A couple of days ago I smacked my head upon this truth and watched helplessly as my dear friend experienced this for himself. His dad died from cancer a decade ago. Ten years, yet the grief was as raw as can be, the loss as crushing as it was a decade ago.
His dad was a handy guy who could fix anything. He made a good living — and supported four kids — with his hands. My friend learned from his dad and is handy too. Although his livelihood isn’t manual, he can fix anything, like his dad. He just doesn’t always believe it until it’s done.

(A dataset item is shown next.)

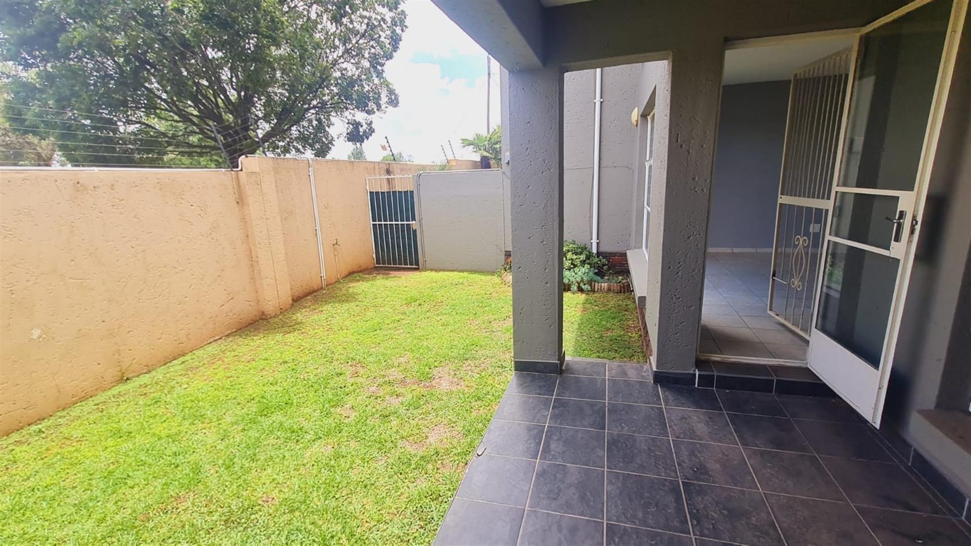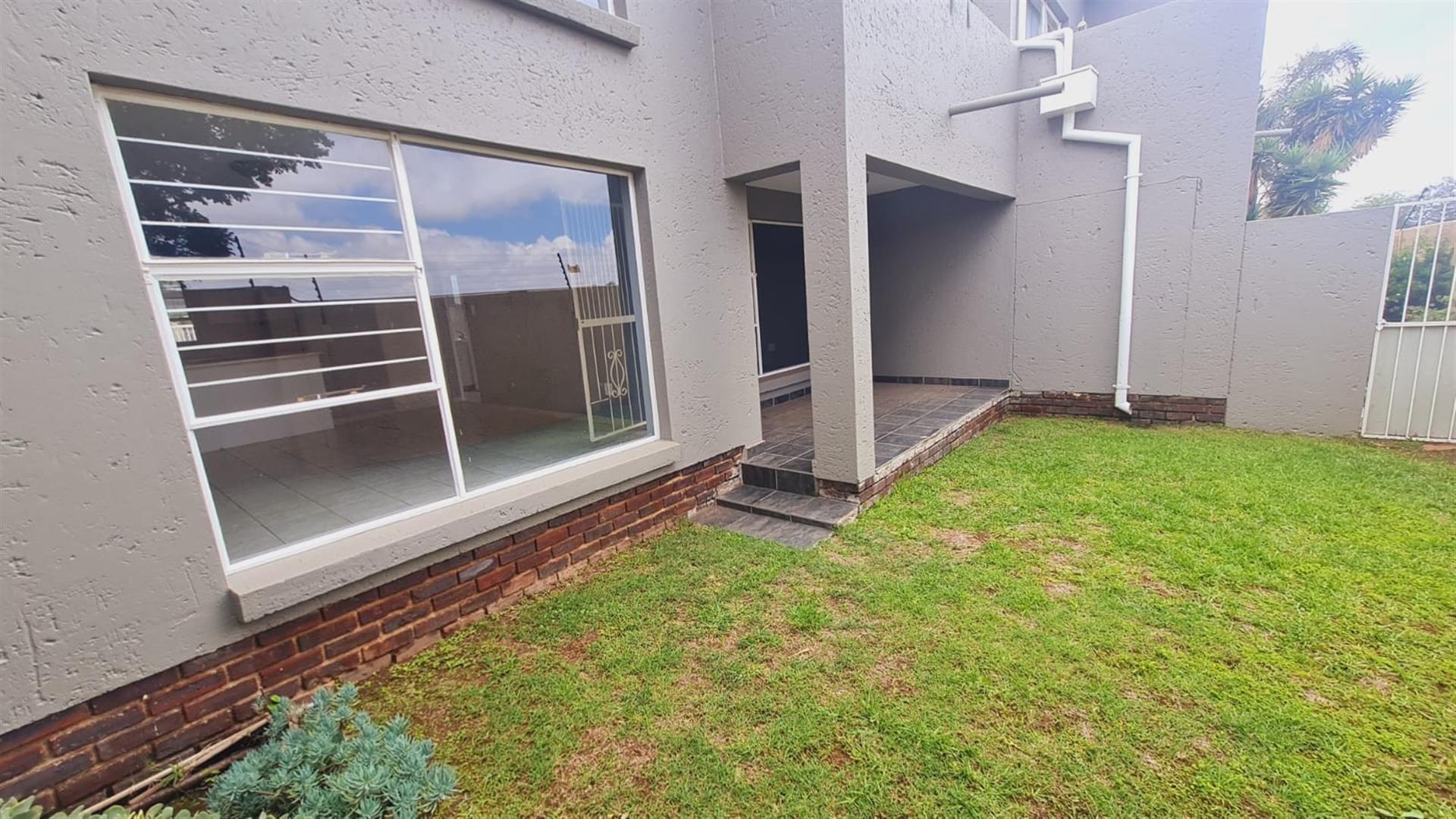 You could be the proud owner of this immaculate ground floor townhouse. This very neat freshly painted unit offers two well-sized carpeted bedrooms with built-in cupboards and one bathroom with newly fitted bath, basin and toilet as well as a shower-in-tub. The open plan lounge and dining area is north facing and offers ample light and offers access onto a patio and pet friendly garden.

My friend was fixing the spring on our gate (one of the many things he’s helped with around our house). The spring on the outside of the gate had lost some of its tension, and the screws holding it in place had wriggled loose after seven years of use. How many hundreds of times has that gate banged shut as my busy little family comes and goes? When we were building our pool, the gate and the fence came down, to be replaced by temporary, orange plastic fencing (seen behind the slabs of flagstone) that couldn’t contain my dogs. My then 7-year-old chased the escaped dogs across a very busy street, unaccompanied, but that’s a story for another day.
In the process of repairing the spring on the gate, my friend broke his screwdriver. The one that he inherited from his dad. No big deal, it’s part of a set and he has several others the same size. But he was upset–really upset–because along with the screwdriver, he felt like he lost a piece of his dad.

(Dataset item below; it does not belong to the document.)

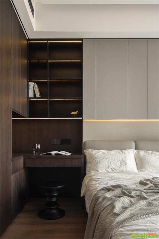 從衣柜中延伸出床頭柜區(qū)域,家裝設(shè)計還能充當(dāng)小書桌與梳妝臺使用,小空間實(shí)現(xiàn)大功能,層層開放格搭配燈帶,書柜功能區(qū)也是臥室氛圍感來源。

His rational brain knows that the screwdriver isn’t indicative of his dad’s presence or absence. His intellect knows that having the screwdriver doesn’t mean that he still has his dad, or that by not having the screwdriver he no longer has a hold on his dad’s memory. But his irrational side mourned the screwdriver. His emotional brain felt that he’d lost another part of his dad. As the wise poet Ralph Waldo Emerson said, “Sorrow makes us all children again – destroys all differences of intellect. The wisest know nothing.”

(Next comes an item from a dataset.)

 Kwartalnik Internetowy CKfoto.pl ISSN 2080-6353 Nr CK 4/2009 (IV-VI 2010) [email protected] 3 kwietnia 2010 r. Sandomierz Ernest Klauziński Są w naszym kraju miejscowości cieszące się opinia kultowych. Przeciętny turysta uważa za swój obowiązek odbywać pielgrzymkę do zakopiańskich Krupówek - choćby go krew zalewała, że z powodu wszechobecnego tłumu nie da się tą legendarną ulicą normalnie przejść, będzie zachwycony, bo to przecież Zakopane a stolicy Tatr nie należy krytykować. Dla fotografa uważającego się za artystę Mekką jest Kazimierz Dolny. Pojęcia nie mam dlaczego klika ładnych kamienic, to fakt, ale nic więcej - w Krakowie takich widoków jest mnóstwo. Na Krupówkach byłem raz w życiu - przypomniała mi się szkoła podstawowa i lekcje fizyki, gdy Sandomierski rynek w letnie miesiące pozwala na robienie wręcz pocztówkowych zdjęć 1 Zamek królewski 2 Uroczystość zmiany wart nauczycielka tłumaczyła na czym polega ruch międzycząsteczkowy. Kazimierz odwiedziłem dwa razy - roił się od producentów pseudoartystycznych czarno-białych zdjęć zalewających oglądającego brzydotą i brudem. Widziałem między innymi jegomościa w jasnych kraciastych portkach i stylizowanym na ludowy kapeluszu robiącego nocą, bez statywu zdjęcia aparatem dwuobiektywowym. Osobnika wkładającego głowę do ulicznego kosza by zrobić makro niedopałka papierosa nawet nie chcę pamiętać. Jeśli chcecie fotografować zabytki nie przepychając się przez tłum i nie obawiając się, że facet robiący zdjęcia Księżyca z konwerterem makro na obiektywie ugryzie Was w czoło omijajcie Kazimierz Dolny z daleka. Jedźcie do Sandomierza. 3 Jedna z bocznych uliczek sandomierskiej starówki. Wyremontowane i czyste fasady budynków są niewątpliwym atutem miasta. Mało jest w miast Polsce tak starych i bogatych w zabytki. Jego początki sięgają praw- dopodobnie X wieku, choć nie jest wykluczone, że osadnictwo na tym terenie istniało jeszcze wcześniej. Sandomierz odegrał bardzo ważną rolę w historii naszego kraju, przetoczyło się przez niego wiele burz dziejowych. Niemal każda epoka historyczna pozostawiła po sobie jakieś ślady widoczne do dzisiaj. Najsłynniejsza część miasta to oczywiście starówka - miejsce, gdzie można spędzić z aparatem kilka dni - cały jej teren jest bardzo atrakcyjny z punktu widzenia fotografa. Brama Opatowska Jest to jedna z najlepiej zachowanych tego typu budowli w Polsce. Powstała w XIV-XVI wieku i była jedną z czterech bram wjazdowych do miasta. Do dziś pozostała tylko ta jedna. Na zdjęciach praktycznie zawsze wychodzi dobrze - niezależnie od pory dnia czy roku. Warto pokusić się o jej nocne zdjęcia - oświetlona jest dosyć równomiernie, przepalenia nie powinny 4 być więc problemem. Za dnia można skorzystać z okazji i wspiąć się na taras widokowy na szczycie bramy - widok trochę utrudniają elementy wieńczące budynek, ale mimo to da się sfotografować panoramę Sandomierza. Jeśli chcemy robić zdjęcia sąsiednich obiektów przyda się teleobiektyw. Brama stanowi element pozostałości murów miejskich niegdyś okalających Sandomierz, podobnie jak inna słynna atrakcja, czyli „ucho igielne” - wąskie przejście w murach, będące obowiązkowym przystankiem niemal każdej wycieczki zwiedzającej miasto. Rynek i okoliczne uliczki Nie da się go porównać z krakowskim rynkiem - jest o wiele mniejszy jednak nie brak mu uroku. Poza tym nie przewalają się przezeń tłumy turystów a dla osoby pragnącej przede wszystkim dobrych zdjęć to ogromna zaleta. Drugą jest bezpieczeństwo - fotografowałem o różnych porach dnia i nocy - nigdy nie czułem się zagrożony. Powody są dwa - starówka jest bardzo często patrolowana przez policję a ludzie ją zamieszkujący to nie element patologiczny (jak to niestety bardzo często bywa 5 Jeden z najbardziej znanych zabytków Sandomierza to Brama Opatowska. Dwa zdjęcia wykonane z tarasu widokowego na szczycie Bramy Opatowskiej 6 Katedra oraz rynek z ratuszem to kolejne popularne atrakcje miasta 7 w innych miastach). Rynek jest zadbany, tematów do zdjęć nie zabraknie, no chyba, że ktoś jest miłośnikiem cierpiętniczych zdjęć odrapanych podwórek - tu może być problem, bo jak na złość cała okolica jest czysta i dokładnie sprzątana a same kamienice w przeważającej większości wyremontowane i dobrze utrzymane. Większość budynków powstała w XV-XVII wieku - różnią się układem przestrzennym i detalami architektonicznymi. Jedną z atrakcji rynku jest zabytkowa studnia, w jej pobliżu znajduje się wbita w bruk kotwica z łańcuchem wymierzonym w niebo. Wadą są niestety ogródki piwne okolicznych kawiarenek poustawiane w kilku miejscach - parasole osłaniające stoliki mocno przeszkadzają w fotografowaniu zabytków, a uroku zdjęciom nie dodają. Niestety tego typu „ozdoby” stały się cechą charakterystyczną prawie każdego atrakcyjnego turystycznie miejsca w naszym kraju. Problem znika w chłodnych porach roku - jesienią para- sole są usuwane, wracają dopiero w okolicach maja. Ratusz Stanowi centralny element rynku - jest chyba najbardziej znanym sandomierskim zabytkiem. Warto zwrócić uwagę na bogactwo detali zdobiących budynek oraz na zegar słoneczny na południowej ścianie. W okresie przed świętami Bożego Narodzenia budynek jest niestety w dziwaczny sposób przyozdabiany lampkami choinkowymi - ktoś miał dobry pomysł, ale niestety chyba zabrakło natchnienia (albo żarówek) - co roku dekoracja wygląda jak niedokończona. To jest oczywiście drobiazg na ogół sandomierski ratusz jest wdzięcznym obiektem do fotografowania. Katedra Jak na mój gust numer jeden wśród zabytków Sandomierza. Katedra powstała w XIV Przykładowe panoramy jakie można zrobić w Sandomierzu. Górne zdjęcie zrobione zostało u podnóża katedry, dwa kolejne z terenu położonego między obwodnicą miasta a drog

I’m very familiar with the destroying of intellect in times of grief, and I know just how my friend feels. After my mom died, I hung on to all kinds of her stuff: cookbooks, costume jewelry, unfinished embroidery projects, even her ratty old college sweatshirt. My dad has the more personal items — her glasses, her wedding ring, her driver’s license. I desperately wanted a piece of her, any piece, to remain, so I clung to her things in hopes of finding pieces of her.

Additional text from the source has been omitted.